**EXERCISE OBJECTIVE:** Pictures excluded, please retype exactly the lines from the start of the data through the line that contains "Les mains du", both ends kept, and nothing beyond them.
[[ INFORMATION SUPPLIED open ]]
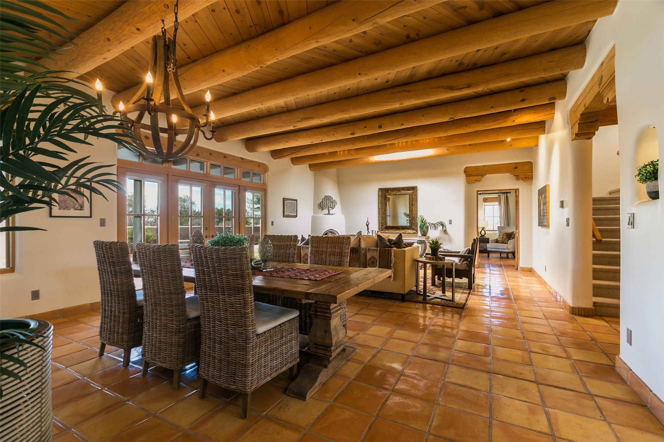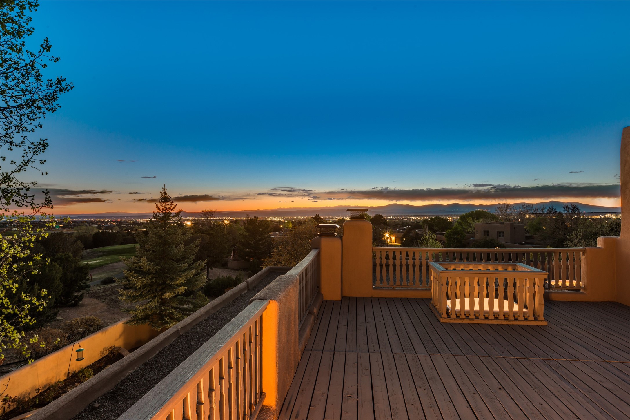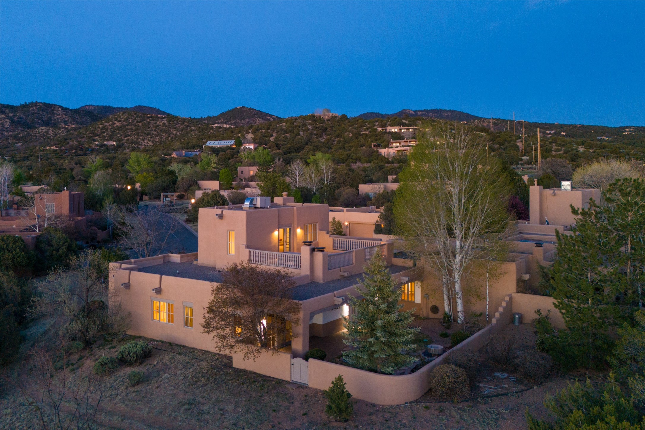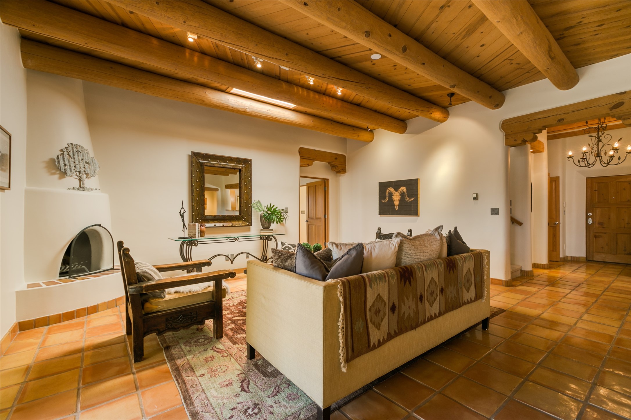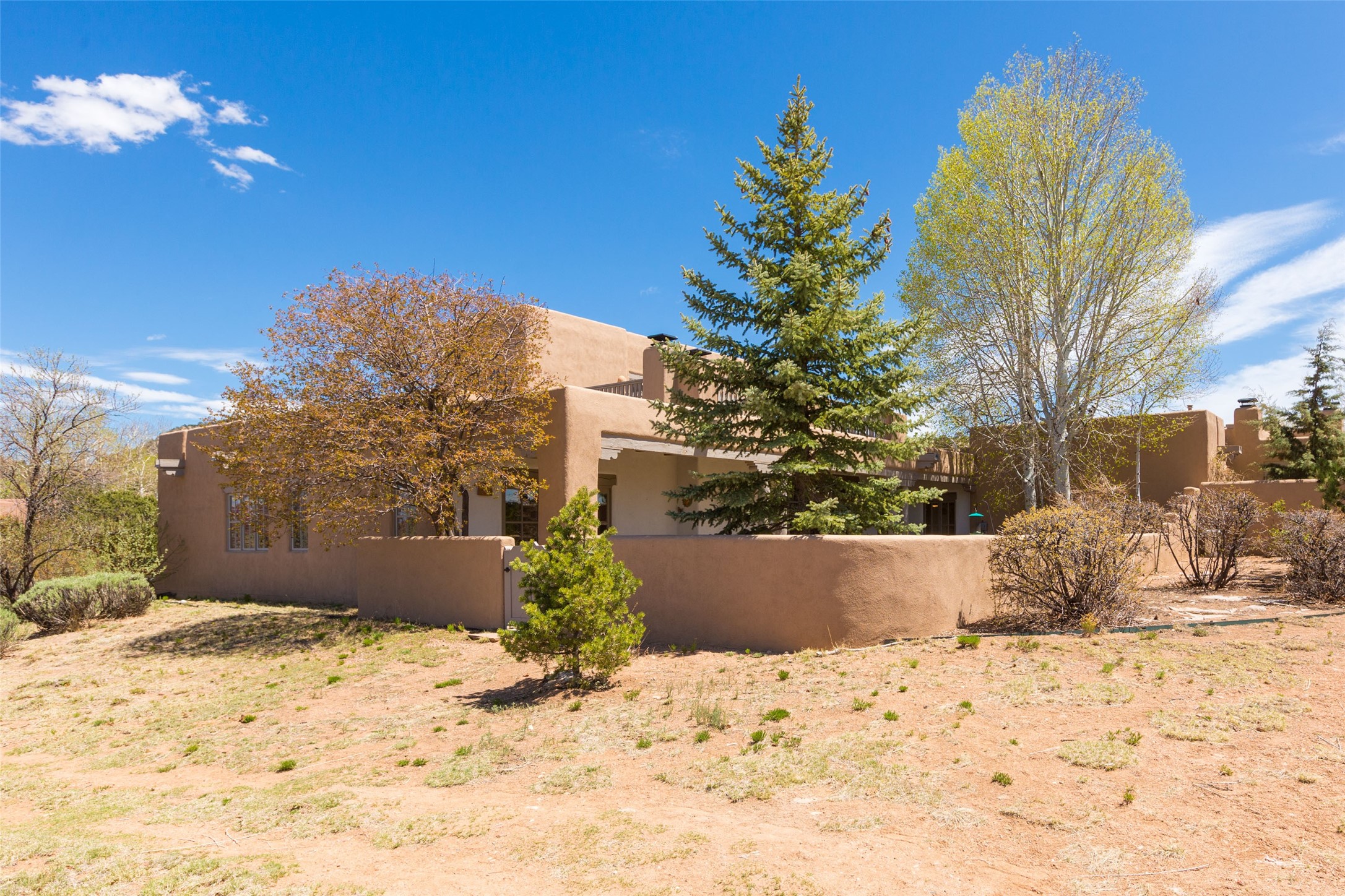 Nestled in the prestigious, 24/7 guard-gated community of Quail Run, this elegant home blends resort-style amenities with Southwestern charm. Enjoy scenic trails, tennis and pickleball courts, a fitness center with indoor lap and hydrotherapy pools, fitness classes, a 9-hole PGA-rated golf course, on-site dining, and 24-hour security. The home features Saltillo tile, vaulted ceilings with vigas, Kiva fireplaces, picture windows, and an open-concept layout flowing to a private courtyard and walled yard. The home includes 3 ensuite bedrooms, 4 baths, an office, and kitchen with stone island & ample cabinetry. Unwind on the outdoor deck while taking in spectacular sunsets and breathtaking mountain views. A rare chance to enjoy upscale living in one of Santa Fe's most sought-after communities.
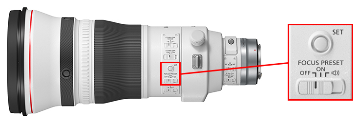 The focusing distance range selector switches on (from left) RF100mm f/2.8L Macro IS USM, RF400mm f/2.8L IS USM, and RF70-200mm f/4L IS USM.
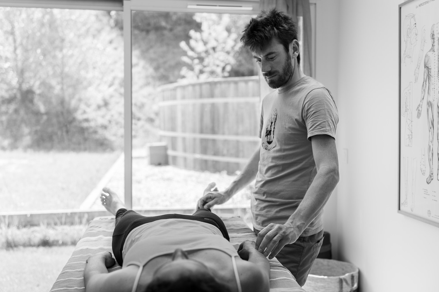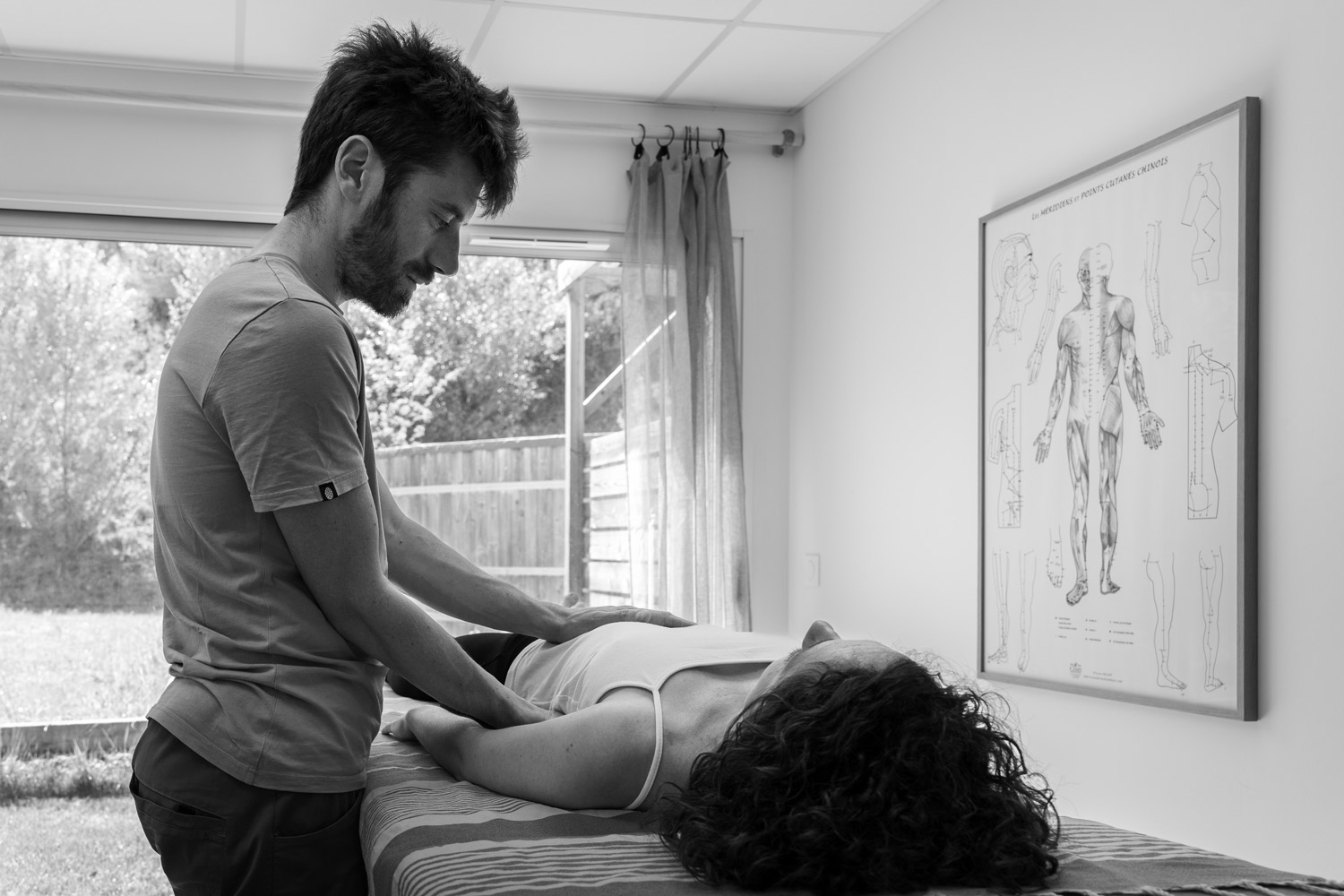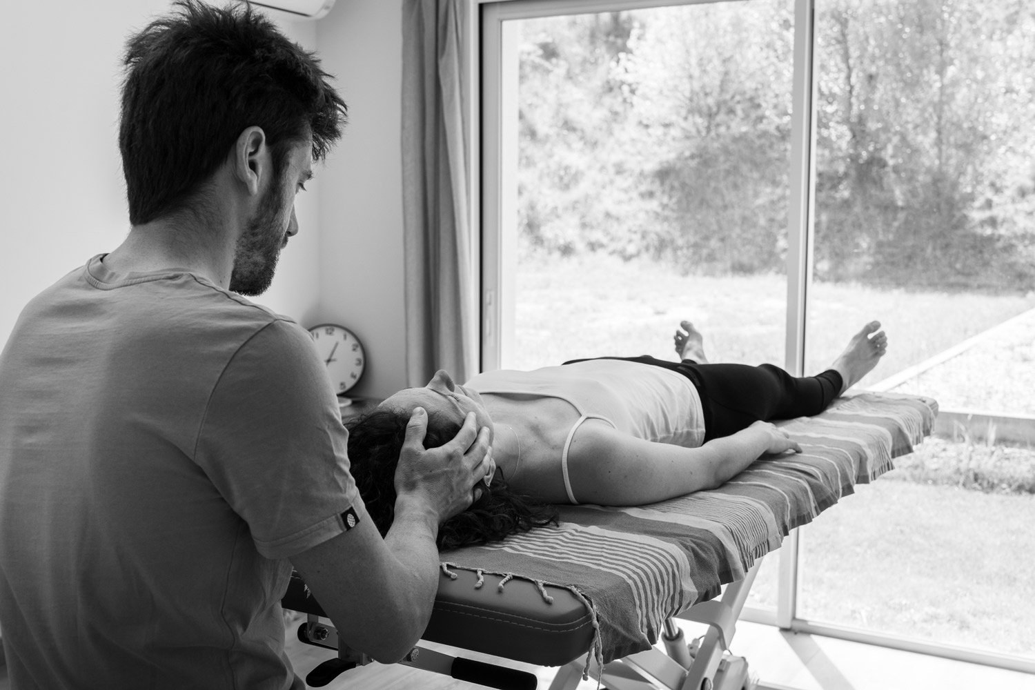 Les mains du thérapeute sont à l’écoute du corps afin de comprendre son histoire, être un point d’appui pour la personne.
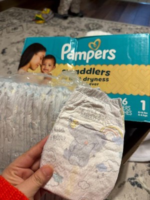 Wrap your baby in our best dryness and comfort ever. Try Pampers Swaddlers. These Pampers disposable diapers are designed with a KeepDry Liner and irresistible pillowy softness to keep your baby dry and comfortable from their very first days and beyond. Plus, they're drier than the Luxury Diaper for all-night comfort. Pampers Swaddlers are dermatologist tested, hypoallergenic, and free of elemental chlorine, parabens, and latex** to protect babies' sensitive skin. Pampers Swaddlers surround your baby with up to 100% blowout and leak protection, thanks to their absorbent core and All-Around LeakGuard with Blowout Barrier. Trusted by pediatricians and parents alike, Pampers Swaddlers are from the Most Awarded Diaper Brand^, the #1 pediatrician recommended brand^^, Best of Babylist winner, and the #1 choice of parents^^^. Pampers has been providing products that prioritize comfort, safety, and effectiveness for over 60 years. Earn savings while you shop with Pampers Rewards. Every 10 scans = $10 off. Scan. Earn. Repeat. Use them with Pampers Sensitive Baby Wipes for healthy skin. Pampers Swaddlers are available in preemie diapers, newborn diapers, and size 1 through size 8. To find your baby's ideal fit, just measure by weight and reference our available baby diaper sizes. Pampers preemie diapers (up to 4 lbs.), newborn diapers (up to 10 lbs.), size 1 diapers (8-14 lbs.), size 2 diapers (10-22 lbs.), size 3 diapers (13-26 lbs.), size 4 diapers (15-34 lbs.), size 5 diapers (20-37 lbs.), size 6 diapers (23-34 lbs.), size 7 diapers (26-50 lbs.), size 8 diapers (30+ lbs.). *Based on S4 Luxury Diaper Brand. 3 typical wettings of 75mL **No natural rubber. ^ Based on Awards Given 2021-2025 ^^ Based on 2025 survey of U.S. and Canadian pediatricians. ^^^ Based on Nielsen dollar sales L52W
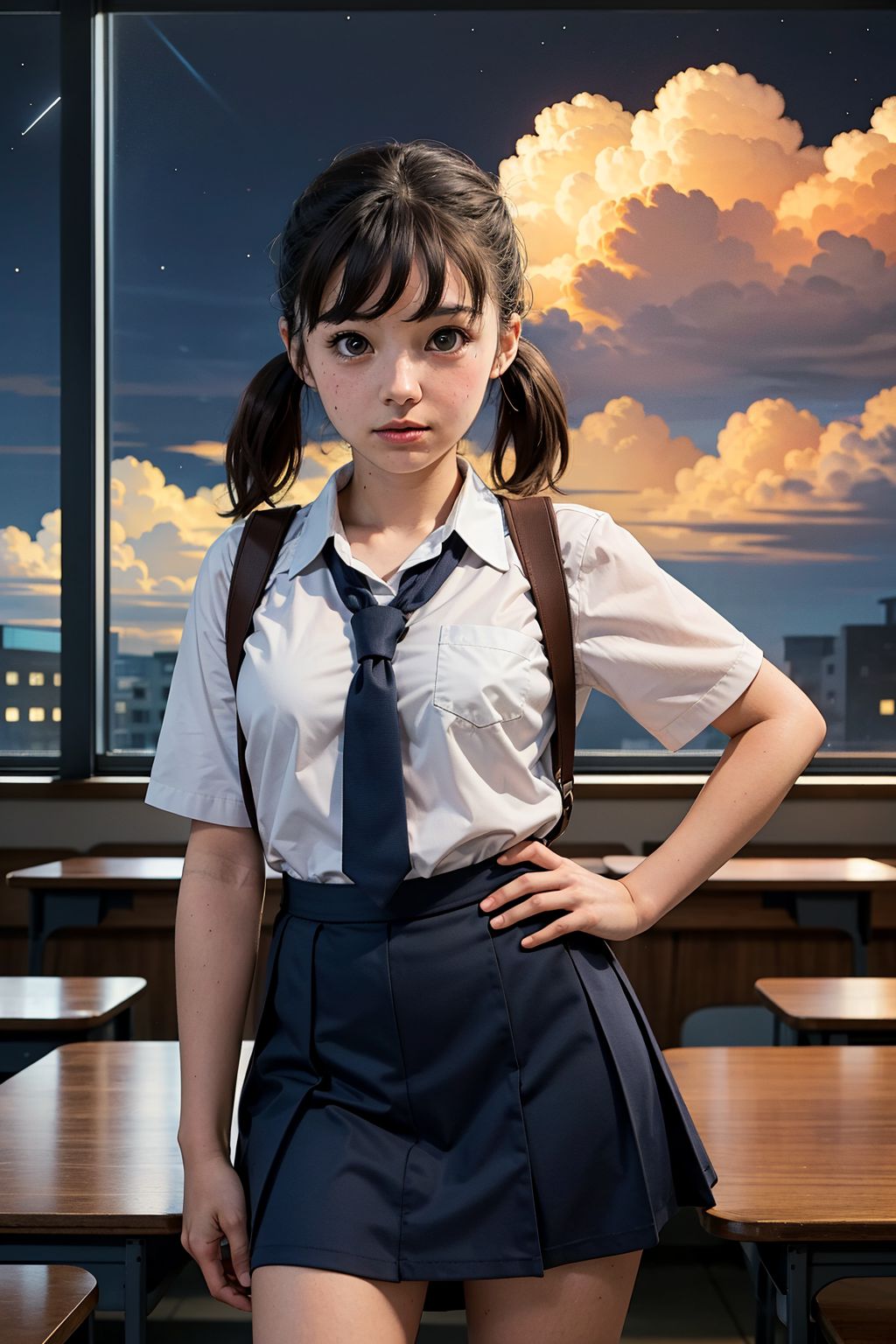 Shizuka Minamoto 源靜香,In the image, a young woman is standing in a classroom setting at night. She is dressed in a white collared shirt and a blue skirt, complemented by black suspenders. A pair of brown shoes complete her outfit. Her left hand is confidently placed on her hip, while her right hand rests lightly on the back of a wooden chair.The room around her is dimly lit, creating an atmosphere of quiet study or contemplation. In front of her are several other chairs, all identical in design and color to the one she stands in front of. The background of the image reveals a large window, through which we can see a cityscape at night, complete with buildings and clouds. The woman is standing in front of this window, suggesting that she might be looking out over the city.Overall, the image captures a moment of solitude and introspection, as the woman stands alone in the classroom under the city lights.
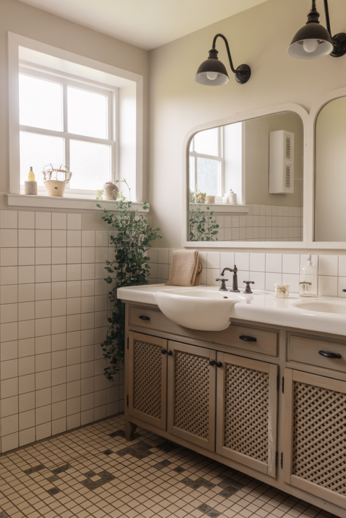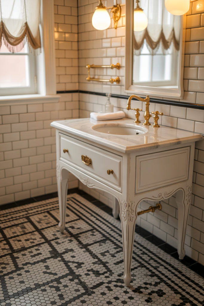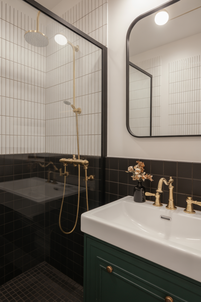 If you love nostalgia, vintage patterns are making a big return — especially mosaic or penny tiles in black and white. Use them on the floor or as an accent wall behind a shower walk area. Pairing them with brass fixtures instantly brings warmth and a timeless feel. Designers at House Beautiful note that vintage touches ground contemporary spaces beautifully.
[[ INFORMATION SUPPLIED closed ]]
**ANSWER TO THIS EXERCISE:**
 Nestled in the prestigious, 24/7 guard-gated community of Quail Run, this elegant home blends resort-style amenities with Southwestern charm. Enjoy scenic trails, tennis and pickleball courts, a fitness center with indoor lap and hydrotherapy pools, fitness classes, a 9-hole PGA-rated golf course, on-site dining, and 24-hour security. The home features Saltillo tile, vaulted ceilings with vigas, Kiva fireplaces, picture windows, and an open-concept layout flowing to a private courtyard and walled yard. The home includes 3 ensuite bedrooms, 4 baths, an office, and kitchen with stone island & ample cabinetry. Unwind on the outdoor deck while taking in spectacular sunsets and breathtaking mountain views. A rare chance to enjoy upscale living in one of Santa Fe's most sought-after communities.
 The focusing distance range selector switches on (from left) RF100mm f/2.8L Macro IS USM, RF400mm f/2.8L IS USM, and RF70-200mm f/4L IS USM.
 Les mains du thérapeute sont à l’écoute du corps afin de comprendre son histoire, être un point d’appui pour la personne.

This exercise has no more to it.